The farm across the street has unbelievably large, grassy fields used for nothing more than to impress upon passers-by that green spaces still exist. The white farmhouse sits far back from the road; across it rests an old barn that might or might not be filled with treasures from the farm's previous life. My eyes glance at the six, maybe seven, beautiful green acres, nicely flat with a few trees here and there. That farm was for sale; it just sold, and the developer's sign boasts a whole new smattering of large mansions on this now-green spot. I'm disappointed.
I've lived in Great Falls for six years. I've lived here long enough to know well what the landscape looks like in every season, not just glorious Spring. I know where Beach Mill and Walker Road get washed out when it rains cats and dogs--and how, after an hour after the rain stops, Beach Mill should be passable, but Walker will need more time. I've seen little old houses and the stories that went with them reduced to rubble in a few hours. I've watched how grand, new spaces--three, four times the size of the previous house--stand impressively and impossibly tall on that same site within months.
As the daughter of a Soldier, as a girl who happily moved from one state to the next every two to three years, as the young woman who traveled across Asia for a few years out of college, six years in one house, in one town feels like forever.
Journeys were part of my life, first by necessity, and then by choice. I soaked in a few years each in Savannah, Schofield Barracks, Seattle. I spent months in shocking Calcutta, weeks in the high Himalayas, and days in a smattering of exotic, amazing Indian cities. I spent a few years in Thailand--my official role was teaching teachers, but I think I logged more hours reading books and journaling about the past, present, and future than actually teaching.

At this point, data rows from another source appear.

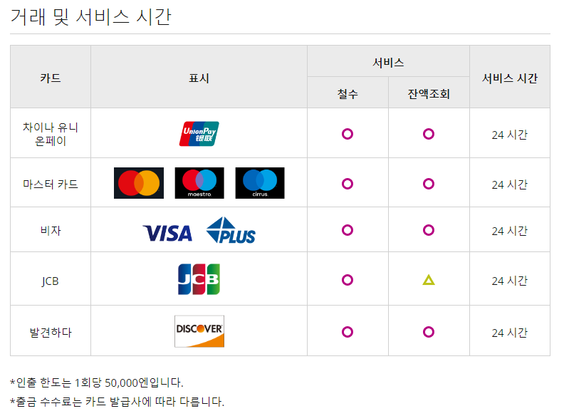 결론부터 말하면 어떤 카드든 상관없이 두 ATM에서 인출 수수료 없이 무료로 이용가능합니다. 다만, 기기 이용 수수료는 발생할 수 있으며 ATM마다 달라서 복불복입니다.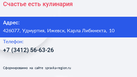 Счастье есть, кулинария по адресу 426077, Удмуртия, Ижевск, Карла Либкнехта, 10 в дальнейшем Организация, размещена в следующих категориях: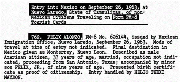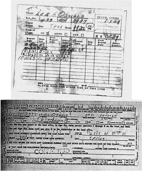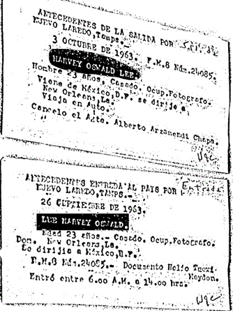 These cards were used in a threesome for making different legends of the same re-defector, who arrived in the U.S. with his wife and their 4-month-old daughter on June 13, 1962, thanks to a $435.71 loan from the State Department. S.A. Fain debriefed him in Fort Worth twice. His final report, dated on August 30, 1962, stated Oswald “agreed to contact the FBI if at any time any individual made any contact of any nature under suspicious circumstances with him.”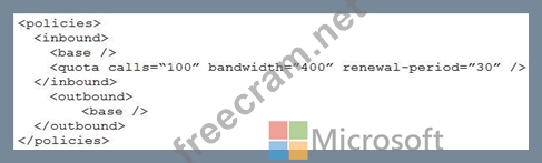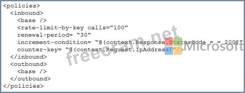 Explanation Scenario: User2 reports that Azure consumption for API calls has increased significantly to 100 calls per minute in the last month. Example: In the following example, the rate limit of 10 calls per 60 seconds is keyed by the caller IP address. After each policy execution, the remaining calls allowed in the time period are stored in the variable remainingCallsPerIP. <policies> <inbound> <base /> <rate-limit-by-key calls="10" renewal-period="60" increment-condition="@(context.Response.StatusCode == 200)" counter-key="@(context.Request.IpAddress)" remaining-calls-variable-name="remainingCallsPerIP"/> </inbound> <outbound> <base /> </outbound> </policies> Note: The rate-limit-by-key policy prevents API usage spikes on a per key basis by limiting the call rate to a specified number per a specified time period. The key can have an arbitrary string value and is typically provided using a policy expression. Optional increment condition can be added to specify which requests should be counted towards the limit. When this call rate is exceeded, the caller receives a 429 Too Many Requests response status code. Reference: https://docs.microsoft.com/en-us/azure/api-management/api-management-access-restriction-policies

And now, I am here. I'm still here. I've not moved. And, after a particularly restless two years, I'm trying to breathe deeply and settle into my life here as gracefully as I can (which means not very gracefully). I'm beginning to realize how much there is to learn about myself when I am still. This is not a comfortable sort of lesson-learning--I much prefer the known excitement of movement. When still, when faced with a beautiful but not spontaneous routine with three joyful but demanding children and one loyal but complicated husband, I actually face myself in a way I never have before.
Please forgive the fact that postcards from here are less glorious.